Despite A Few Changes, Dirty Dozen’s Brass Shines

Don Adair Correspondent

The Dirty Dozen makes a big, brassy New Orleans sound.

When it began as the Dirty Dozen Brass Band nearly 20 years ago, only a couple of the old, traditional New Orleans horn bands plied the wedding/funeral/Mardi Gras/church social circle and the prospects weren’t good for another one.

“We came up in an environment where people told us that what we’re doing isn’t going to work,” trumpeter and vocalist Greg Davis said last week in a phone interview. “But we have outlasted all that was around us at the time.”

Indeed, the Dirty Dozen (they recently shortened their name) has flourished and in the process found a new audience for an old tradition.

It’s an irresistible tradition, in which trumpets and trombones play off each other and a sousaphone holds down the bottom end. The music is bright and bold but it also carries a deep emotional heft; it means something - and it has universal appeal.

“We’ve been playing world music since this band began in 1977, before they were calling it world music,” said Davis.

In its two-decade history, the Dozen have collaborated with the Neville Brothers, Elvis Costello and Manhattan Transfer. In recent months, the group has toured with the Black Crowes and turned down offers to play with Phish and Sting, who wanted them for an 18-month world tour.

“We had other commitments,” said Davis.

Friday, they’ll appear at the American Music Festival in Riverfront Park in downtown Spokane.

The Dirty Dozen has given an old tradition new life. In old New Orleans, brass bands led funeral mourners to the cemetery with a repertoire of dirges. The service turned into a party on the way home and the horns broke into raucous dance music. As young musicians, Greg Davis and his friends picked up spare gigs playing in horn bands and even though work was scarce, he and 11 friends decided to strike out on their own.

They found a willing audience, first in the usual round of play-for-dinner gigs at picnics, softball games and weddings.

“When we first got going, gigs were rolling in really hot and heavy,” Davis said.

They graduated to clubs, then festivals and international travel.

“Once we started to travel, it just broke wide open.”

The band recorded a couple of self-financed singles and turned down a number of record-label deals until George Wein came along with an offer to play on Concorde Records, one of the preeminent jazz labels.

“We saw it as an opportunity to play all the festivals that George managed,” Davis explained.

Because they were young and because they were musicians, the members of the Dirty Dozen didn’t feel compelled to limit themselves musically.

“People consider us a jazz band,” Davis said, “but we play R&B, funk and rock ‘n’ roll on some nights.
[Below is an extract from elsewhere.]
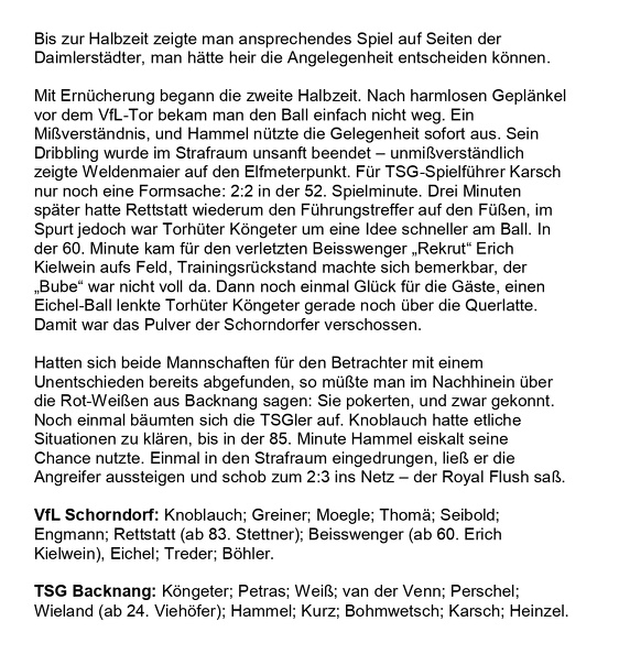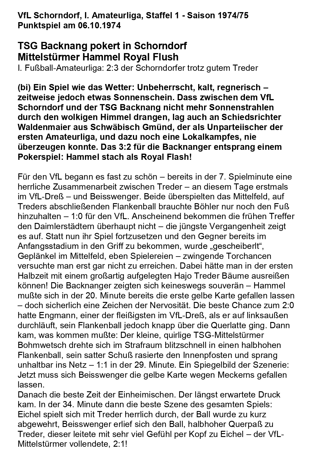 VfL Schorndorf I. Amateurliga Saison 1974 75 VfL Schorndorf TSG Backnang 06.10.1974 Seite 1

We just play music.”

A recent shift in personnel has brought the band some criticism. They replaced their twin-drum setup with a single set of traps, added keyboards and a guitar and, on occasion, replaced the sousaphone with an electric bass.

Davis has even recorded his first vocals, but he doesn’t see any of this as a break from tradition.

“As we saw it, the tradition was to learn from what was there to begin with, then expanding on it. And that’s what we have always done.”

Even John Coltrane’s music evolved, he said.

With the addition of keyboards and guitar, the band changed their name to the Dirty Dozen.

The new lineup gives the band more rhythmic variety and a new muscularity. Fans who reveled in the close horn harmonies may miss a layer or two of the old sound, especially when the bass is thumping in place of the sousaphone.

But the addition of those rollicking New Orleans keys and the depth added by a guitar gives the band new dimensions to play with.

“There have been some whispers about us doing the wrong thing, but the changes have opened up other opportunities for us, we have been able to go into whole new venues.”